OPCVM : Plus de 300 Mds de DH d'actifs sous gestion…

 

Aux débuts de cette activité au Maroc, il y a 20 ans, le secteur comptait 13 agréments pour 150 MDH d'actifs.Aujourd'hui, le secteur compte pas moins de 400 OPCVM pour plus de 300 Mds d'actifs. Ainsi, 150 Mds de DH sont investis en obligations d'Etat, 98 Mds en dette privée et 24 Mds en actions. Les actifs sous gestion ont augmenté de 16% en 10 ans.

... De nombreux défis à relever… 
Le secteur, avec les pouvoirs publics, va lancer, dès septembre prochain, une vaste réflexion sur le dispositif juridique. L'objectif est de hisser la réglementation et l'organisation des fonds et sociétés de gestion aux standards internationaux. Une refonte qui devrait s'ajouter au statut CFC dont bénéficieront les fonds pour les rendre plus visibles à l'international.
Les membres de l'ASFIM devront également atteindre une taille critique pour se porter sur l'international. Deux projets sont en cours dans ce sens : le lancement des fonds en devise domiciliés ou pas au Maroc et les fonds à thématique africaine.

… Elargissement de l’assiette des épargnants…
Mais le principal défi est celui d'élargir l'assiette des épargnants, car aujourd'hui, sur les 20 millions de détenteurs de comptes bancaires au Maroc, seuls 13.600 disposent d'OPCVM. Un ratio faible que l'ASFIM souhaite résorber à travers la promotion de l'industrie aussi bien au Maroc qu'à l'étranger, et l'adoption de l'architecture ouverte, c'est-à-dire la possibilité de passer d'un OPCVM à un autre de manière simple et fluide. L'Association des sociétés de gestion pense également à standardiser la présentation des fonds et à lancer une plateforme électronique qui reprend l'ensemble des OPCVM ouverts au public. 

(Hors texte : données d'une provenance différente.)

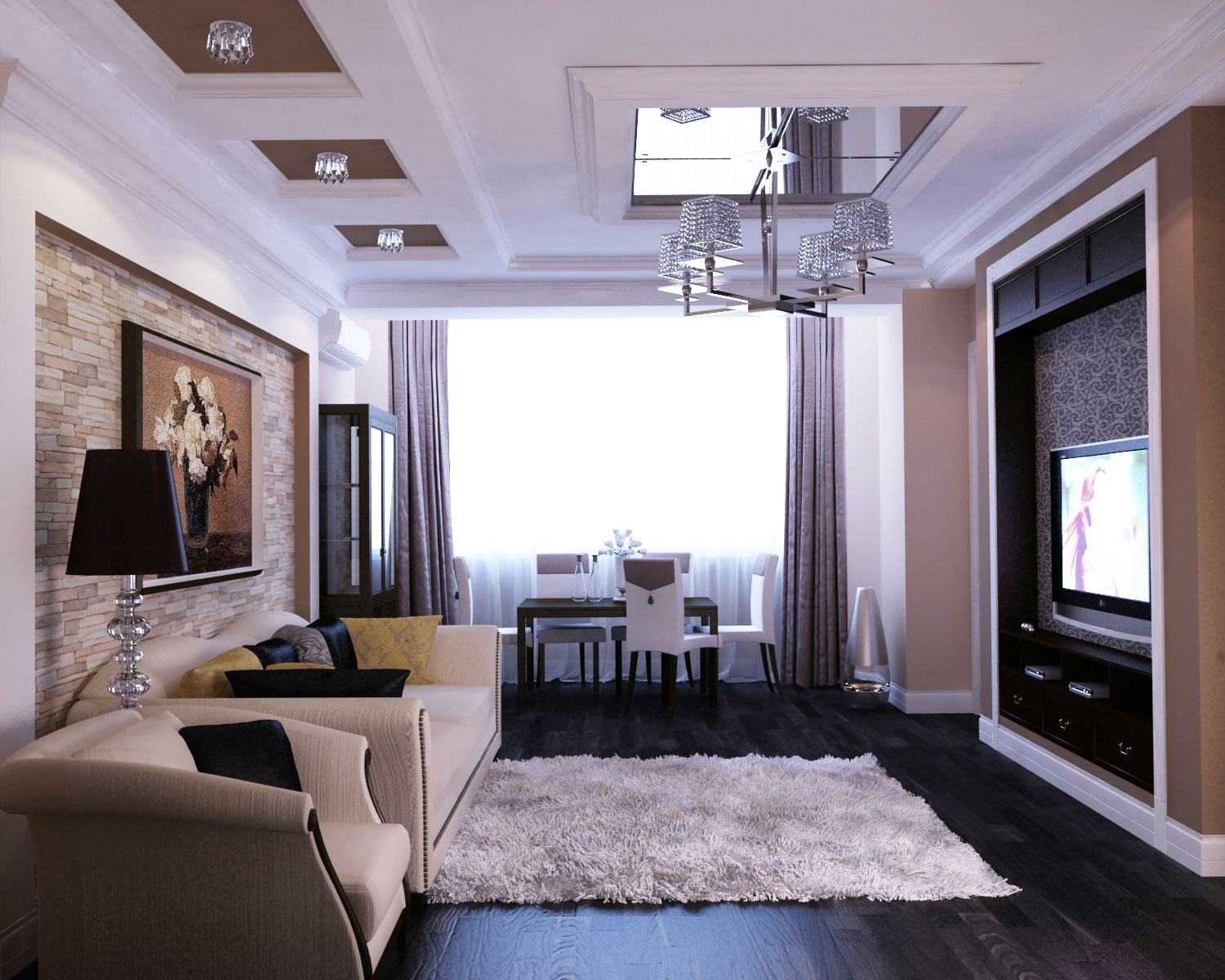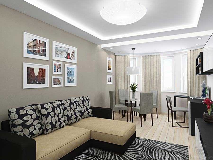 В интерьере гостиной в хрущевке, столовую зону со столом и стульями размещают возле окна или выносят ее на присоединенный балкон. Для того, чтобы выделить обеденный участок можно выбрать освещение, контрастную отделку или разноуровневый потолок.

... Un chamboulement majeur en provenance des assurances…
Les ratios de solvabilité et de risques des assurances prennent en compte les risques intrinsèques aux véhicules de placement, d'où les ratios relatifs aux répartitions d'actifs imposés aux assurances dans le cadre de leurs placements. Selon Hassan Boubrik, patron de la Direction des assurances et la prévoyance sociale, avec les nouvelles normes Solvency qui rentreront bientôt en vigueur, d'autres risques comme celui de la contrepartie, de la liquidité et de marché seront considérés. Cela fera sauter toutes les restrictions concernant les pondérations, pourvu que les ratios de risques soient respectés. En d'autres termes, en théorie, rien n'empêchera une assurance de tout placer en actions ou en obligations, ce qui n'est pas le cas aujourd'hui.

…Le reporting pointé du doigt
Boubrik a toutefois critiqué le reporting actuel des OPCVM qui laisse à désirer, d’autant qu’il ne permet pas aux clients institutionnels de suivre correctement leurs placements. Il a également soulevé la problématique des prêts/emprunts à blanc entre fonds qui est pour lui "une dérive" à corriger rapidement.